Another reason why the ‘lack of plants suitable for domestication’ argument is flawed is that there are plenty of Australian trees with edible fruit that are readily propagated from either seed or rootstock or both, but that were not used to create orchards before colonisation. The macadamia nut, the lady apple, the nonda plum and the quandong are good examples among a very large number.
Can we be sure that an absence of Aboriginal horticulture in 1788 means that it had never been practised before then? A genetic study by Hunt, Moots and Matthews has found that the wild taro of an area near Cooktown, Queensland, breeds naturally, but the data do not exclude the possibility that it may have had a history of domestication in the past.29 Note that another edible tuber found in the same location may have been introduced from the eastern Papuan tip, given that the Cooktown language has wugay for the yam species Dioscorea sativa rotunda. Ray Wood has sourced this term, and the equivalent term kuthay of north-east CYP and Torres Strait, to the eastern Papuan tip.30 There is also the hypothesis that a species of banana (Musa acuminata), a wild taro (Colocasia esculenta) and the greater yam (D. alata), which are found in north and north-east Australia, may have been subject to experimental horticulture—an experiment later abandoned—during a period when Australia and New Guinea were still a single landmass, that is, more than 10,000 years ago.31 The hypothesis remains unconfirmed.

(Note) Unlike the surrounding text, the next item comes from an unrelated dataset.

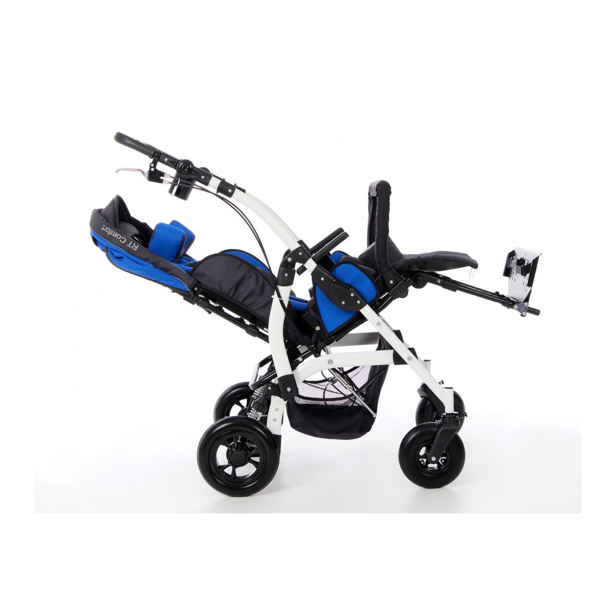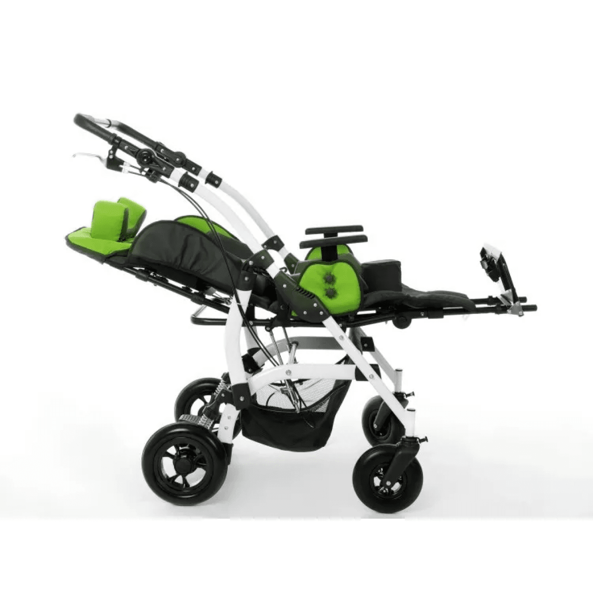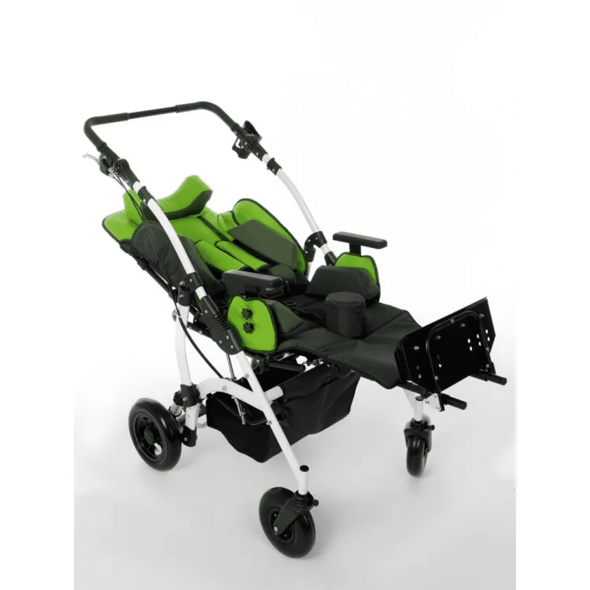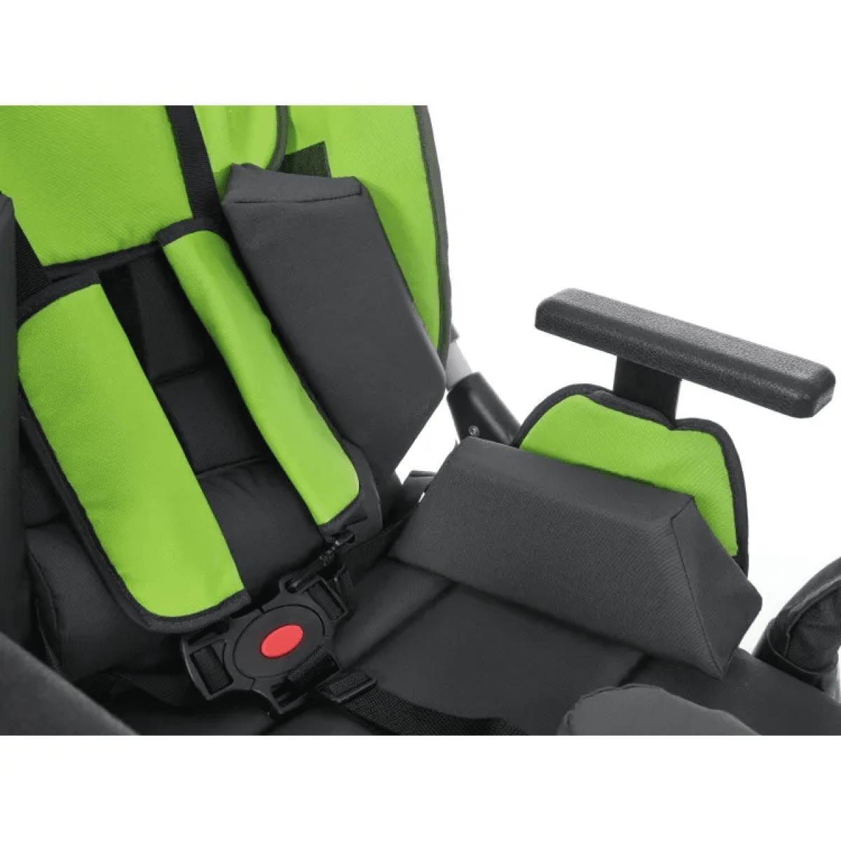 Комфорт поддерживается за счёт мягких элементов, съёмной обивки и системы поддержки корпуса. Коляска помогает удерживать стабильное положение, снижает нагрузку на спину и позволяет ребёнку находиться в удобной позе длительное время. Все элементы легко снимаются для ухода.

Although domesticable species in Australia may have been limited, as a factor in the absence of adoption of agriculture it is more important that the Old People did not see any necessity to go beyond their existing environmental modifications, given their deep commitment to the maintenance of fertility through engagement with the spiritual powers left for them by the Dreaming. After all, even in regions on other continents where there were species eminently suitable for cultivation, human beings lived for countless centuries as hunter-gatherers before changing to being farmers. The economic switch was not triggered by the presence of domesticable species, but by something else, something cultural, a shift of mindset.

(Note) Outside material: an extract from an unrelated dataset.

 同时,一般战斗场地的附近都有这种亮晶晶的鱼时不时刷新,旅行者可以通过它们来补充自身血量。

A reviewer of the manuscript of this book suggested that spiritual practices were no bar to the shift to agriculture in other societies. Plenty of other peoples who used religious practices to do with species propagation were also gardeners and farmers and had stopped being hunter-gatherers per se. ‘Garden magic’ was most famously reported from New Guinea by Bronislaw Malinowski in 1935.32 But shifting from foraging to gardening-and-foraging does not entail the abandonment of spiritual beliefs and practices to do with the fertility of resources: it entails the augmenting of religious propagation, environmental agency and hunting, fishing and gathering with horticulture and its magic.

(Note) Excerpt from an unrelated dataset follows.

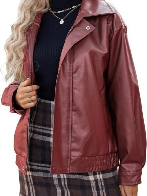 Leather Jacket Women Faux Leather Motorcycle Jacket Zip Up Bomber Jacket Coat Outerwear

In Chapter 2, I provide plentiful evidence that this positive spiritual propagation was maintained in classical Australia by human reverence and direct action, but on the basis that the elemental forces of life are there forever, from the Dreaming, the spiritual ground of being. They are not created by human ingenuity. Humans can only stimulate the emergence of such latent powers in the cyclical regrowth of plants and animals, and in the supply of rain.
This commitment to the non-physical basis of reproduction in the biota was also the Old People’s basis for resistance to the gardening and agriculture methods of their Melanesian neighbours at Cape York, and to those of the European colonists who tried so hard to convert them to agriculture, and who failed—not always, but mostly, at least for a time (see Chapter 6).33
Pascoe links gardening and cropping to the settled life—that is, to what is sometimes called sedentism. Given the extent to which Dark Emu owes a debt to the work of Bill Gammage, it is unfortunate that Pascoe effectively rejects him on the question of sedentism. Gammage said:
Neither in Australia’s richest nor poorest parts, by European standards, were people tempted to settle. Instead they quit their villages and eels, their crops and stores and templates, to walk their country.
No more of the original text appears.